#### DATA SHOWN ####

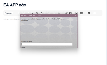 Boa tarde, Tenho EA APP, estou devidamente logada com minha conta na EA. Tive que desinstalar o jogo The Sims 2 Legacy e instalar de novo, sendo que estava funcionando normalmente. Fiz isso e qua...
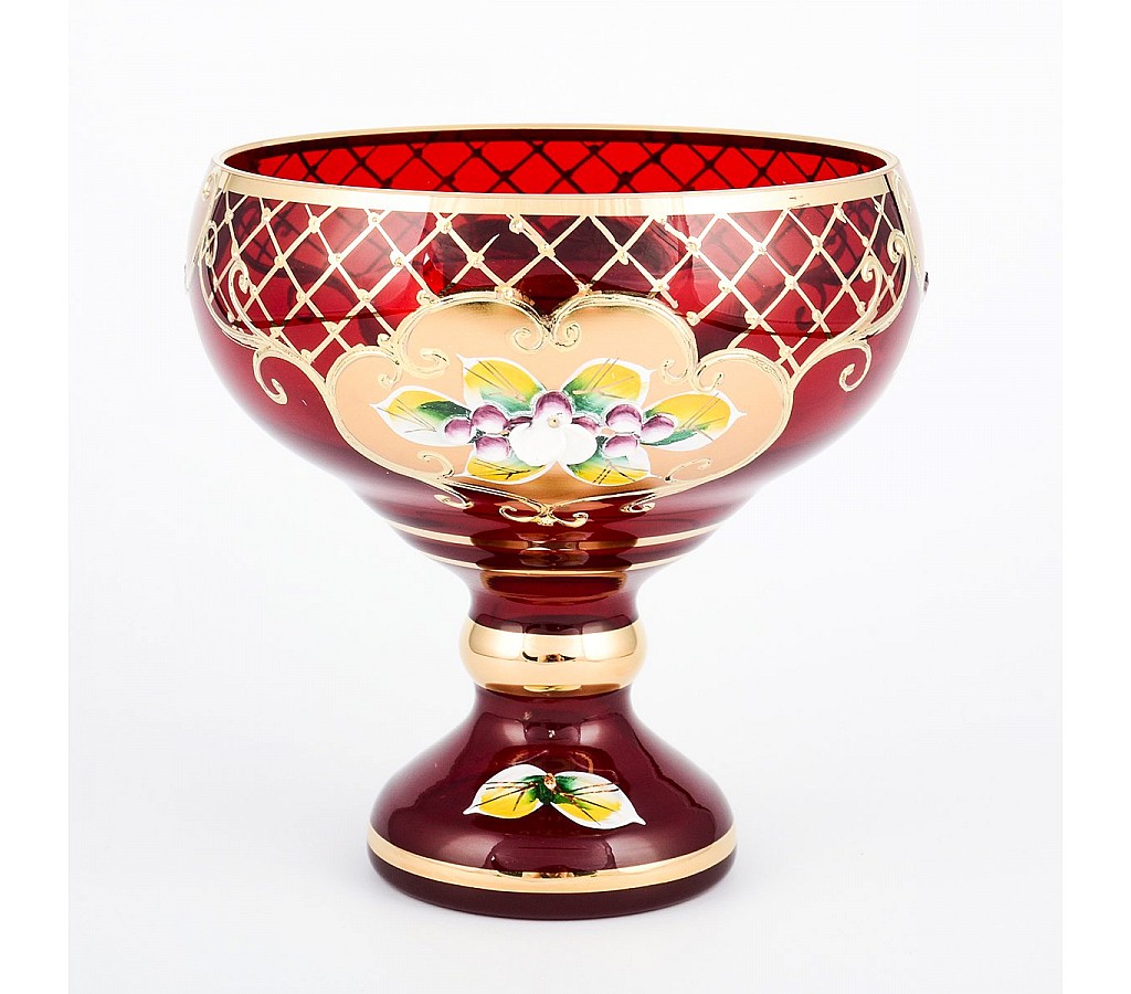 | Конфетница на ножке Лепка красная И-В Bohemia Crystal 13 см | |
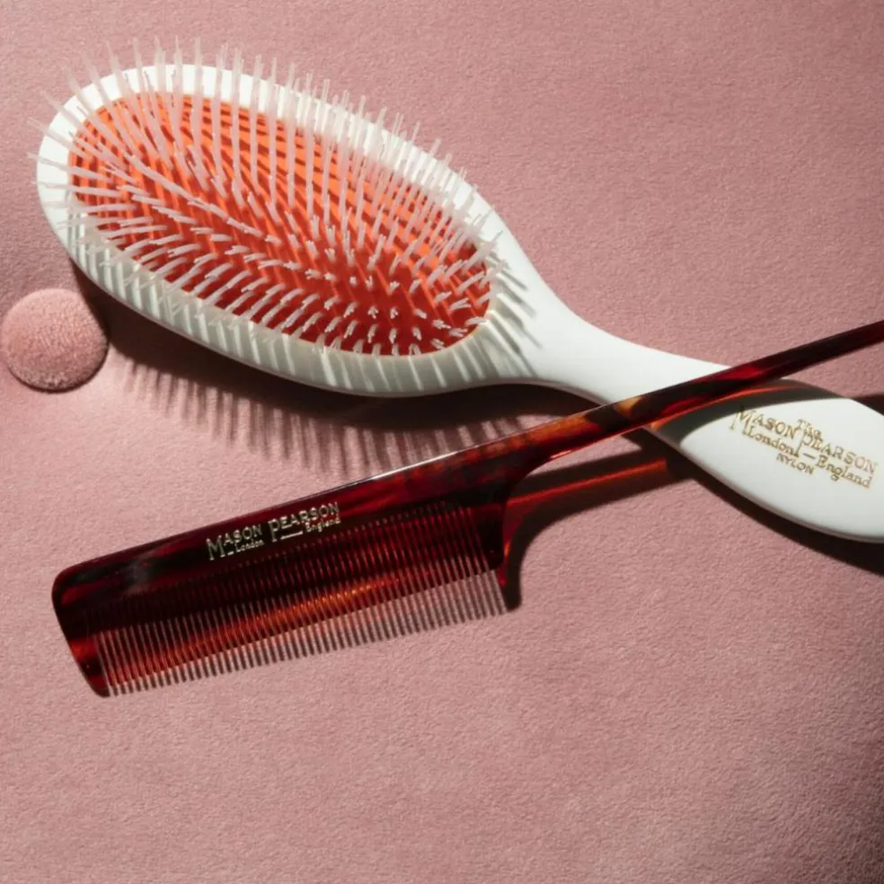 Denne luksuriøse hårbørste er håndlavet med stærke nylonbørstehår, der fungerer som en effektiv detangler, der skånsomt løsner og udreder sammenfiltringer i håret. Hovedbunden stimuleres med en blid masserende effekt, samtidig med at både hår og hovedbund beskyttes under udredning. Den ikoniske orange Mason Pearson gummipude former sig efter hovedbunden og sikrer en fleksibel, behagelig og stressfri børsteoplevelse.
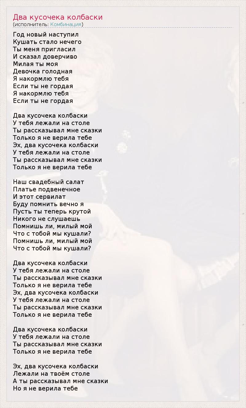 А как ты думаешь, о чем песня "Два кусочека колбаски" ?
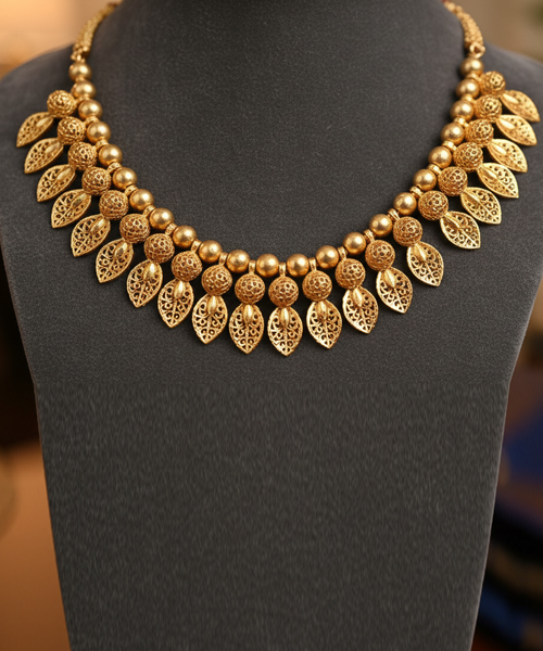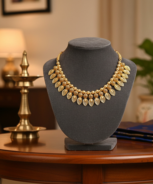 Gold Polished Antique Necklace With Adjustable Thread |Best For Bride, Bridemaids & Special Occasion quantity
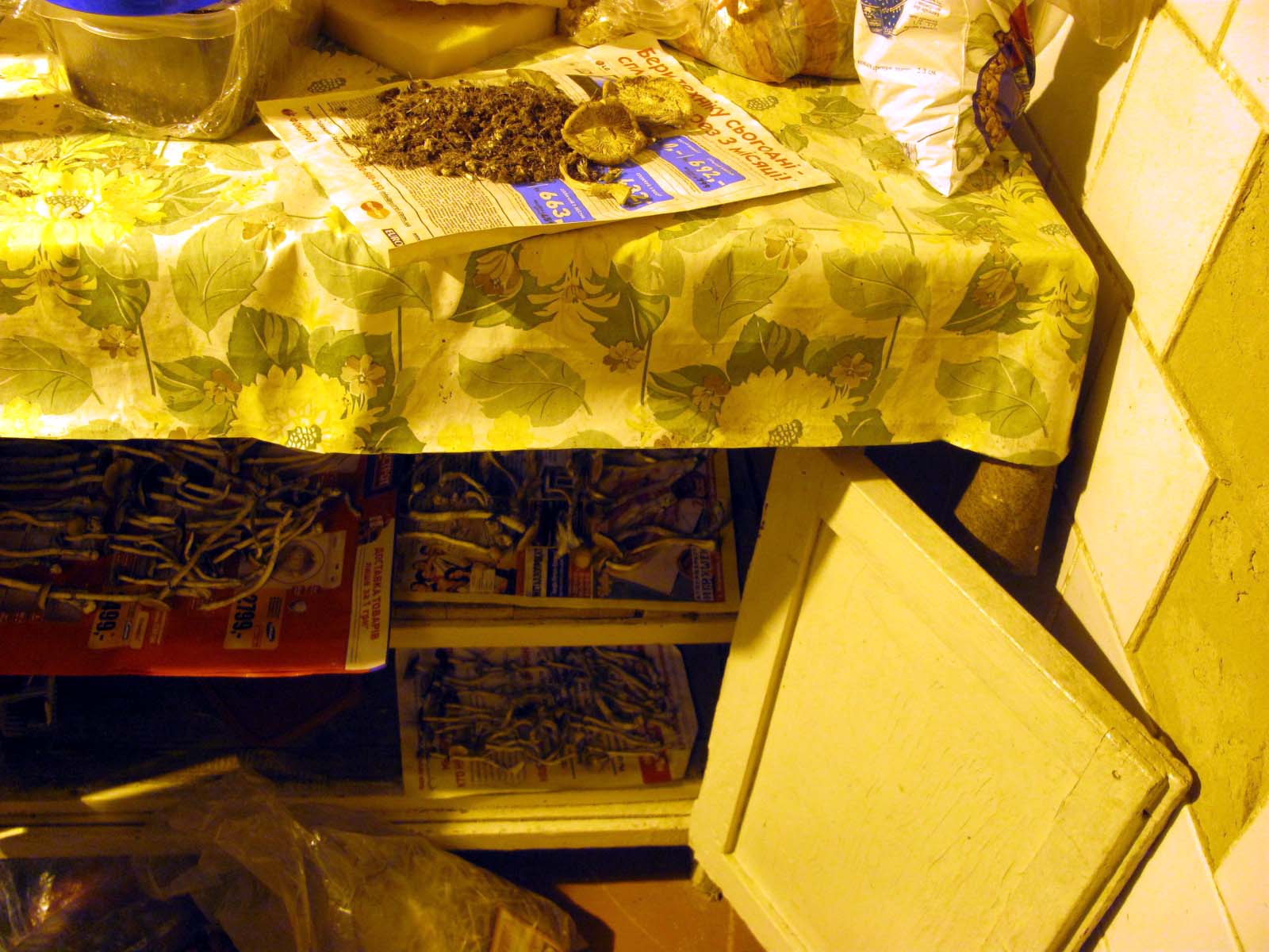 Кроме «лекарственных» и криминальных растений, правоохранители обнаружили в закрытом «ботаническом саду» и грибную секцию. На кухне на полочках и на полу были разложены грибы, которые еще не подсохли. По внешнему виду они напоминали ложных опят и бледных поганок. Тут же рядом лежали полиэтиленовые пакетики, в одних из них были измельченные мухоморы, а в других яркие шляпки этого вида ядовитых грибов. В углу одной из комнат «ботаник» аккуратно сложил садовый инвентарь, пакеты с минеральными удобрениями, а также различные емкости для полива.
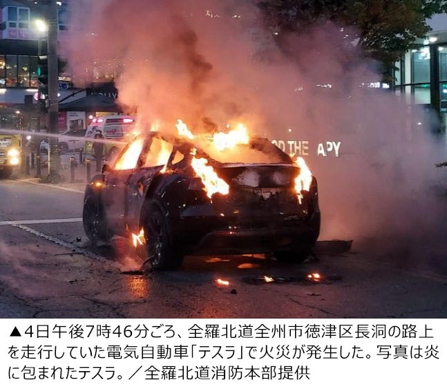 走行中のテスラが炎上…ドライバー「突然煙が出た」/全州(2/2)
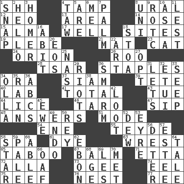 ACROSS 1. Quiet! 4. Pack (down) 8. Mountain range 12. Modern: prefix 13. Type of rug 14. Olfactory organ 15. _ mater 17. Not ill 18. Locates 19. First-year military academy student 21. Floor covering 23. Domesticated feline 24. Greek mythologigal hunter 26. Friend of Pooh 28. Russian ruler of old 30. Paper fasteners 34. Mouth or opening 37. Thailand, formerly 39. Wig 40. Experiment locale 41. Add up to 43. Third day of the wk. 44. Louse (plural) 46. Pacific island yam 47. Small drink 48. Responds (to) 51. Method 54. Compass dir. 55. Miss Universe 1986, Barbara Palacios _ 58. Health resort 61. Color 63. Obtain by seizing forcibly or violently 65. Off limits 67. Lip ointment 71. Singer James 72. Silent film actress Nazimova 73. Double curve, resembling the letter S 74. Snakelike fish 75. Coral collection 76. A home for chicks 77. To separate or throw off DOWN 1. Fastener 2. Phone greeting 3. Simpsons dad 4. The 23rd letter of the Hebrew alphabet 5. "We ___ not amused" (Victoria) 6. Cartoonist voice _ Blanc 7. Inside of hand 8. Corn or form start 9. College mil. group 10. At sea 11. For fear that 16. "This won't hurt ____!" 18. Portico 20. Greek goddess of the dawn 22. Nonscientific branch of learning 25. Political cartoonist Thomas 27. Choose 29. Debaucheries 30. Excessive but superficial compliments 31. Allows 32. Needle case 33. Ooze 34. Rounded earthenware pot or jar 35. Precipitation 36. Lettered men learn these first 38. "One Day ___ Time" 42. Spoils 45. She-sheep 49. Inside; within (prefix) 50. Marina Del _, California 52. Morning condensation 53. Jane of fiction 56. Prevent from occurring 57. First name in cosmetics 58. Play the lead 59. Light colored 60. Competent 62. Inky black, to poets 64. Story 66. Clumsy lout 68. Ripen 69. French article 70. Was introduced to
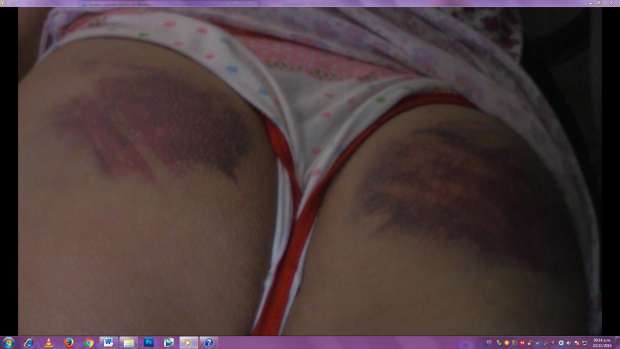 Maritza Reina, dejando a un lado la vergüenza, que de hecho otras mujeres no lo harían, se levantó la blusa y su prenda íntima para mostrar a la prensa en presencia de la Policía Nacional, los hematomas en sus dos nalgas, producto de la golpiza recibida, según ella, por mujeres ronderas.
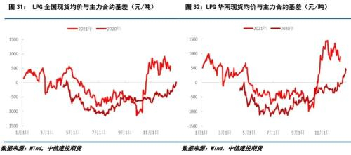 从期现基差看,2021年LPG期现基差整体呈现出先弱后强的趋势,1-10月基差走弱,11-12月基差走强。具体来看,2021年LPG全国现货均价与期货主力合约的基差均值为-57元/吨,最大值为918元/吨,出现在12月初,最小值为-1140元/吨,出现在9月末。基准市场华南地区现货价格与期货主力合约的基差均值为130元/吨,最大值为1456元/吨,出现在11月中旬,最小值为-992元/吨,出现在9月末。2021年LPG基差大幅波动,基差变动趋势和2020年同期较为接近,但2021年基差绝对值大于2020年同期水平。2021年LPG基差在淡季走弱,旺季走强,表明现货价格走势具有明显的滞后性,期货价格先于现货价格见底,也先于现货价格见顶,较好地发挥了期货价格发现的功能。预计2022年LPG基差波动趋势整体将延续2021年的趋势,即传统需求淡季期货价格可能强于现货价格,传统需求旺季期货价格弱于现货价格。
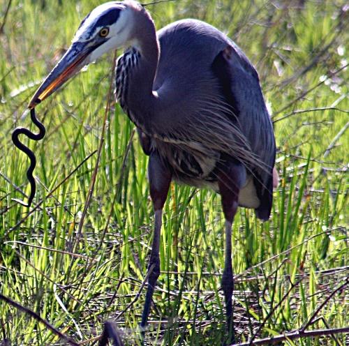 Рацион змееядных состоит в основном из змей. Такие птицы обладают быстрыми рефлексами и острыми когтями для ловли змей. К змееядным птицам относится: птица-секретарь, чёрный змееяд, цапля и представители семейства вороновых.
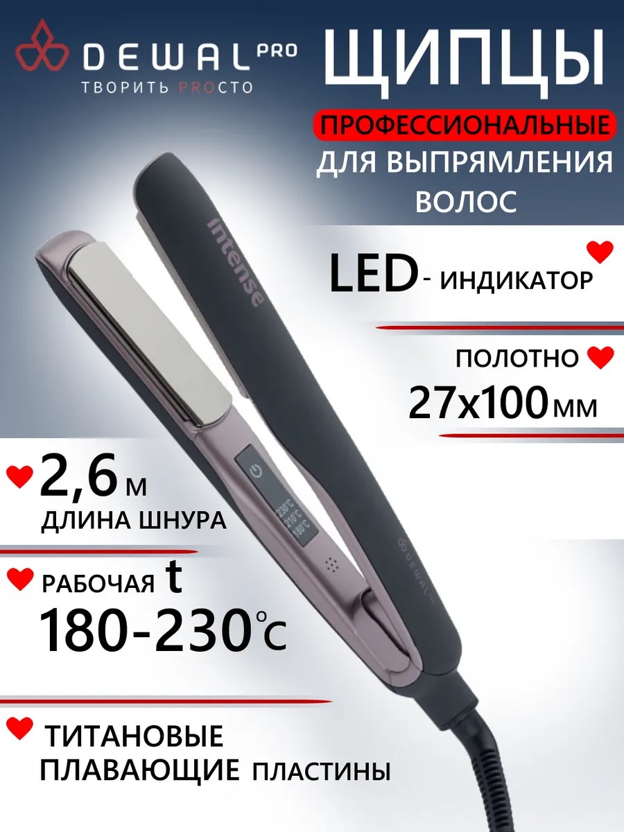 Hair straightening iron DEWAL PRO INTENSE, gray, 27x100 mm, with thermostat, titanium coating, 53W

####

- [YOUR OBJECTIVE] Leave the pictures out and repeat exactly the lines from the beginning of the records to the line bearing "Gold Polished Antique", both ends counted.

- [ANSWER TO THIS PROBLEM]
 Boa tarde, Tenho EA APP, estou devidamente logada com minha conta na EA. Tive que desinstalar o jogo The Sims 2 Legacy e instalar de novo, sendo que estava funcionando normalmente. Fiz isso e qua...
 | Конфетница на ножке Лепка красная И-В Bohemia Crystal 13 см | |
 Denne luksuriøse hårbørste er håndlavet med stærke nylonbørstehår, der fungerer som en effektiv detangler, der skånsomt løsner og udreder sammenfiltringer i håret. Hovedbunden stimuleres med en blid masserende effekt, samtidig med at både hår og hovedbund beskyttes under udredning. Den ikoniske orange Mason Pearson gummipude former sig efter hovedbunden og sikrer en fleksibel, behagelig og stressfri børsteoplevelse.
 А как ты думаешь, о чем песня "Два кусочека колбаски" ?
 Gold Polished Antique Necklace With Adjustable Thread |Best For Bride, Bridemaids & Special Occasion quantity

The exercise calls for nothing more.